Entry into M-cells occurs by utilizing a small membrane-bound protein known as invasin. This protein exhibits a strong attraction to the b1 superfamily of integrins present on the outer surface of various mammalian cells. Interestingly, these integrins do not play a role in particle ingestion; instead, they are involved in processes like adhesion to the extracellular matrix, interactions with cell surfaces, migration, and differentiation. The natural partners of these receptors include fibronectin, collagen, vitronectin, and laminin, although invasin forms a stronger bond with them. Notably, invasin selectively binds to specific members within the β1 integrins family. Invasin will bind exclusively to a subset of the b1 subfamily of integrins, specifically α3β1, α4β1, α5β1, α6β1, and αVβ1.

== Potential applications ==
The invasin protein has a particular interest in future use in oral gene discovery.
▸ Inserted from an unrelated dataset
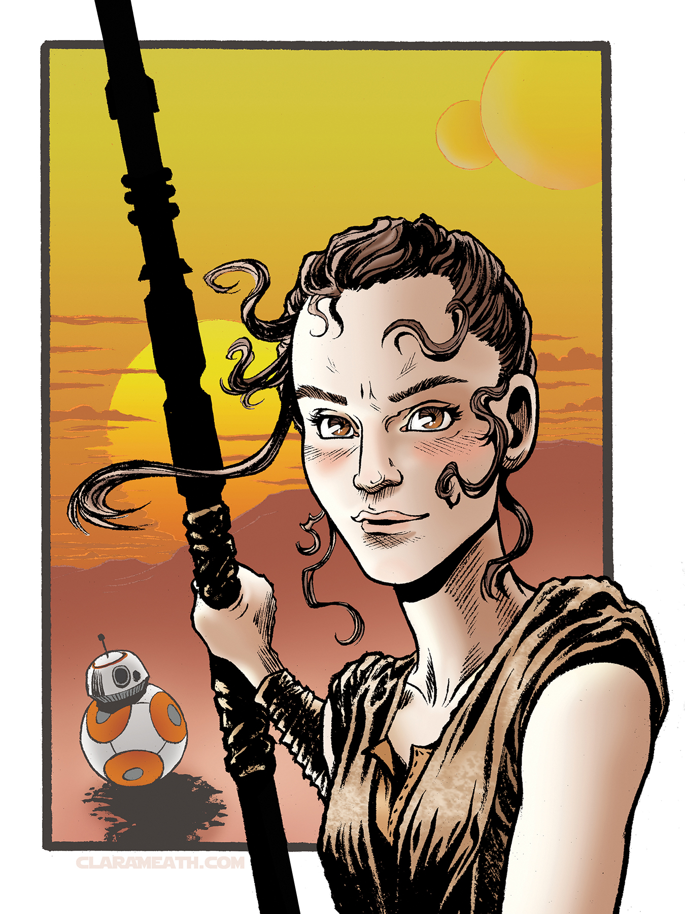 A small (4.5in x6in) full-color print featuring fanart of Rey from Star Wars.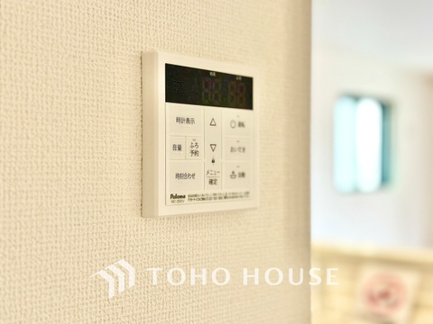 湯張り、追い焚きが自動でできるリモコンをキッチンに設置。お風呂に行かなくてもお風呂が沸いたことを知らせてくれる。

Delivering genes non-virally through oral administration holds great promise for enhancing the efficacy of DNA vaccination and gene therapy applications. Unlike traditional parenteral routes, the oral approach is non-invasive, promoting increased patient compliance and simplified dosing. Furthermore, oral administration enables the production of therapeutic genes locally and systemically. In the case of DNA vaccination, it fosters the development of both mucosal and systemic immunity.